Query term coverage = (matched terms) / (total query terms)

Words like “machine learning” overlap. “Best” matches “comprehensive” only at the semantic level — term coverage at the lexical level won’t catch that. This is a real limitation.

But lexical overlap is cheap, fast, and surprisingly effective. In multi-stage retrieval systems (which we’ll discuss in a moment), term coverage serves as a powerful first-stage signal before you deploy expensive semantic models.

Other features in this family: exact match count, longest common subsequence, character-level overlap (catches morphological variants like “learn” and “learning”), Jaccard similarity.

When these matter most: ranking systems where you have a query-document pair and need a quick, interpretable relevance signal. Don’t underestimate them.

Example

You type a search query and the system checks how well a document covers your query terms.

Query: “best python course for beginners”
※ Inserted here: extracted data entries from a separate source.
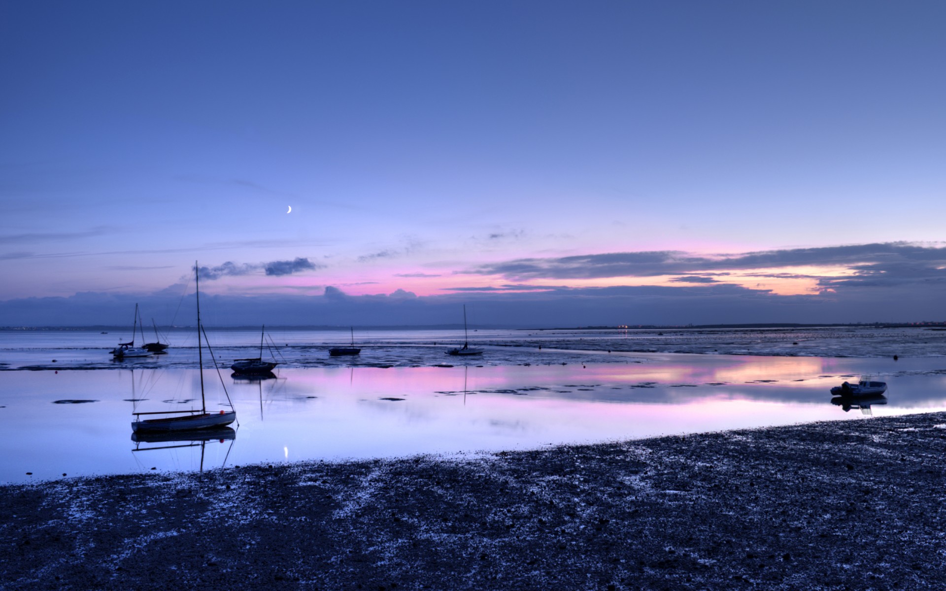 Côte plate, mer calme, motif inhabituel dans le cielCôte plate, mer calme, motif inhabituel dans le ciel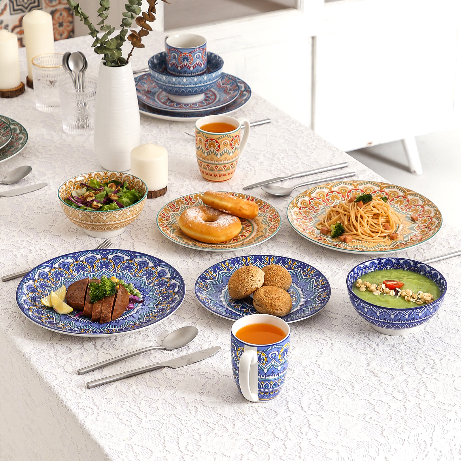 vancasso 16/32/48-PCS Ceremic Plate Porcelain Dinnerware Set Bohemian Mandala Patterned with Dinner Plate,Dessert Plate,Bowl,Mug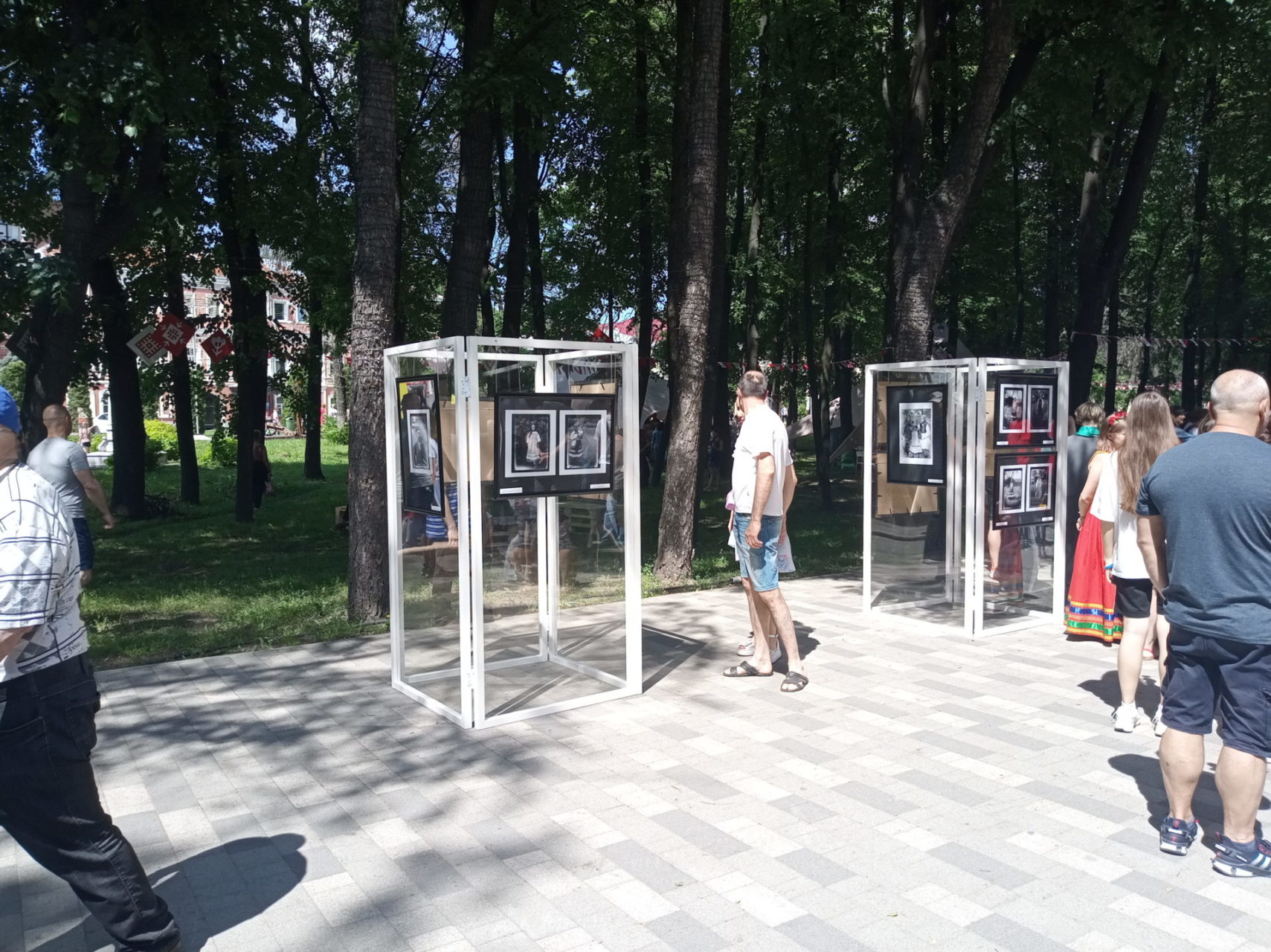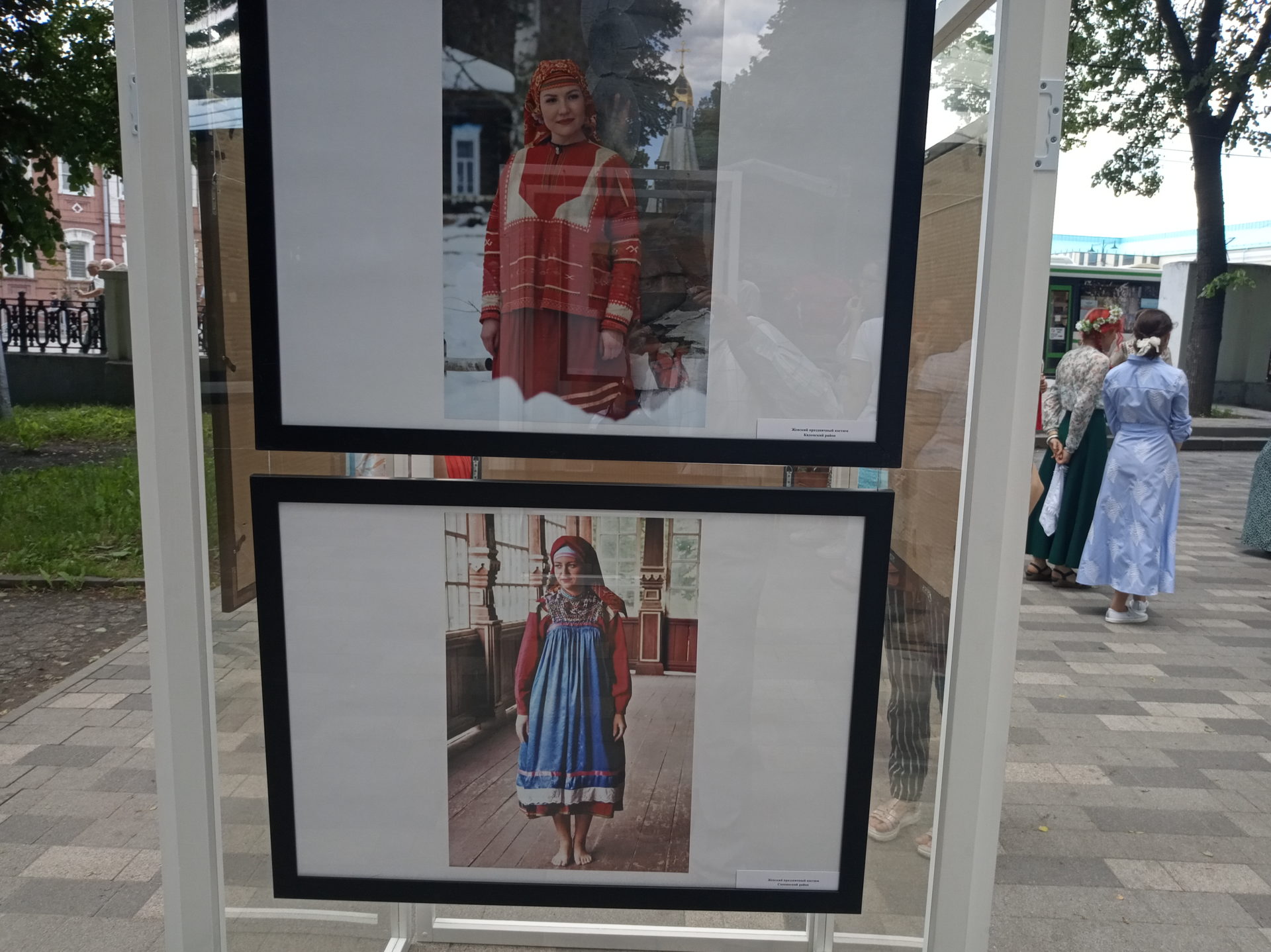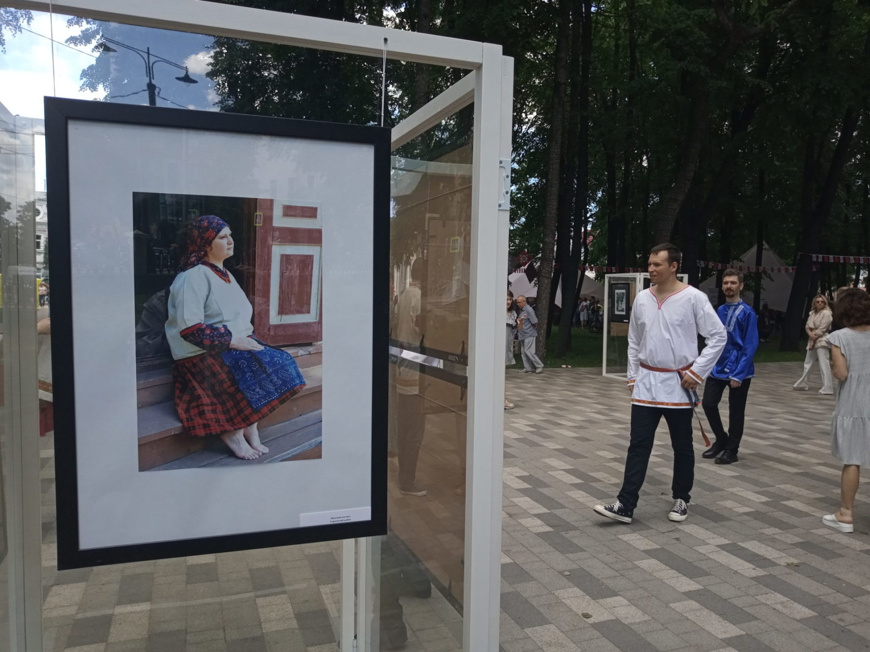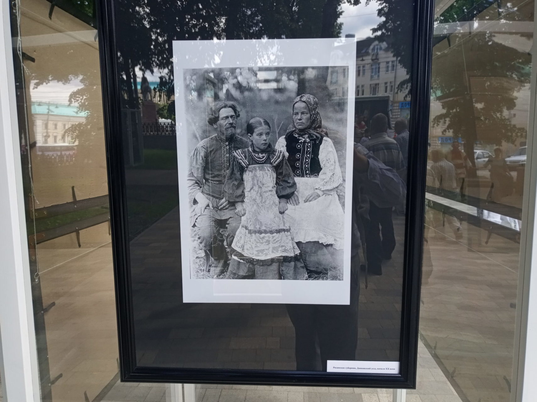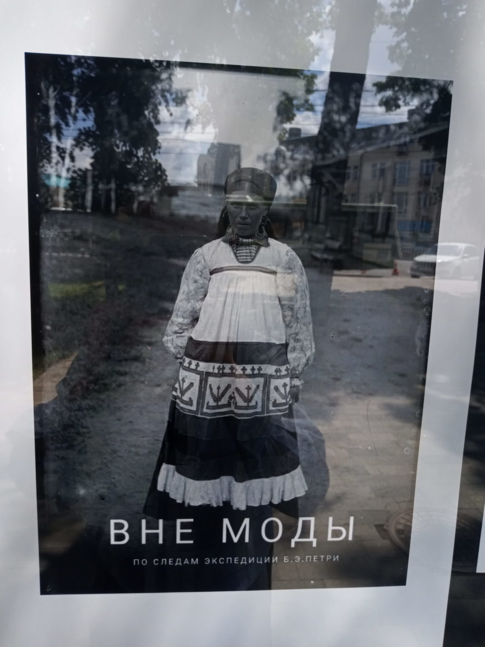 Выставка дореволюционных фотографий крестьянских костюмов открылась на аллее под открытым небом в парке рязанского кремля. Ее название – «Вне моды». Она рассказывает о том, как одевались крестьяне и их дети в отдаленных уездах Рязанской губернии в 1909 году. Именно тогда здесь побывал Бернгард Петри, этнограф и антрополог со своей экспедицией. Ученый ставил своей задачей изучить южнорусский народный костюм нескольких губерний, в том числе и Рязанской, который считается наиболее древним. Он включает в себя так называемый поневный ансамбль, в комплект которого входили: холщовая рубаха с косыми поликами, распашная понева для замужних женщин, передник-завеска, запон, головной убор с высокими рогами и пояс с широким насовом. Рязанские костюмы разных уездов отличались массивностью и шириной. На старинных фотографиях запечатлены изначальные костюмы, которые умели изготавливать в каждой семье кустарными методами. Секреты мастерства передавались из поколения в поколение. Кроме старинных фотографий, в экспозицию включили и изображения современных реконструкций рязанского костюма.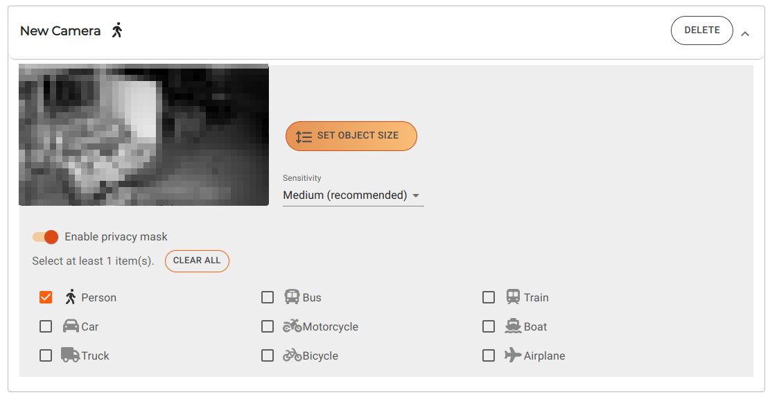 - Enable privacy mask: Tick this button to enable blurring of detected object types of your choice; you may choose multiple object types from this list (Person by default) to detect and apply a blurring mask on.

Total query words (ignoring stop words): “best”, “python”, “course”, “beginners” = 4 terms

Document 1: “This is the best python course you will ever take”

Matched terms: “best”, “python”, “course” = 3 out of 4

Term Coverage = 3/4 = 0.75 (75%)

Document 2: “A beginner friendly python tutorial”

Matched terms: “python”, “beginners” (tutorial matches course loosely but not exactly) = 2 out of 4

Term Coverage = 2/4 = 0.50 (50%)

Document 3: “best python course designed specifically for beginners”

Matched terms: “best”, “python”, “course”, “beginners” = 4 out of 4

Term Coverage = 4/4 = 1.0 (100%)

So the ranking would be:

Document 3 ranks first, Document 1 second, Document 2 third.

The important limitation to notice here:

Document 2 used the word “tutorial” instead of “course” and “beginner friendly” instead of “beginners.” A human reading it would say it’s clearly relevant. But term coverage doesn’t understand synonyms, it only looks for exact word matches.

That’s exactly why search systems pair term coverage with embedding similarity. Term coverage handles exact matches fast and cheap. Embeddings catch the semantic meaning that exact matching misses.

6. BM25: The Algorithm That Powers Most Search Engines

If you’ve used Elasticsearch, Apache Solr, or most major document retrieval systems, you’ve used BM25. It powers more production search than almost any other single algorithm, including most neural approaches.

BM25 extends TF-IDF with two critical improvements:

1. Term frequency saturation: In raw TF-IDF, if a word appears 100 times instead of 10, it gets 10× the weight. But intuitively, the 100th mention of a word adds less information than the 10th. BM25 introduces a saturation parameter (k₁) that dampens this relationship — early occurrences matter a lot, additional occurrences matter less.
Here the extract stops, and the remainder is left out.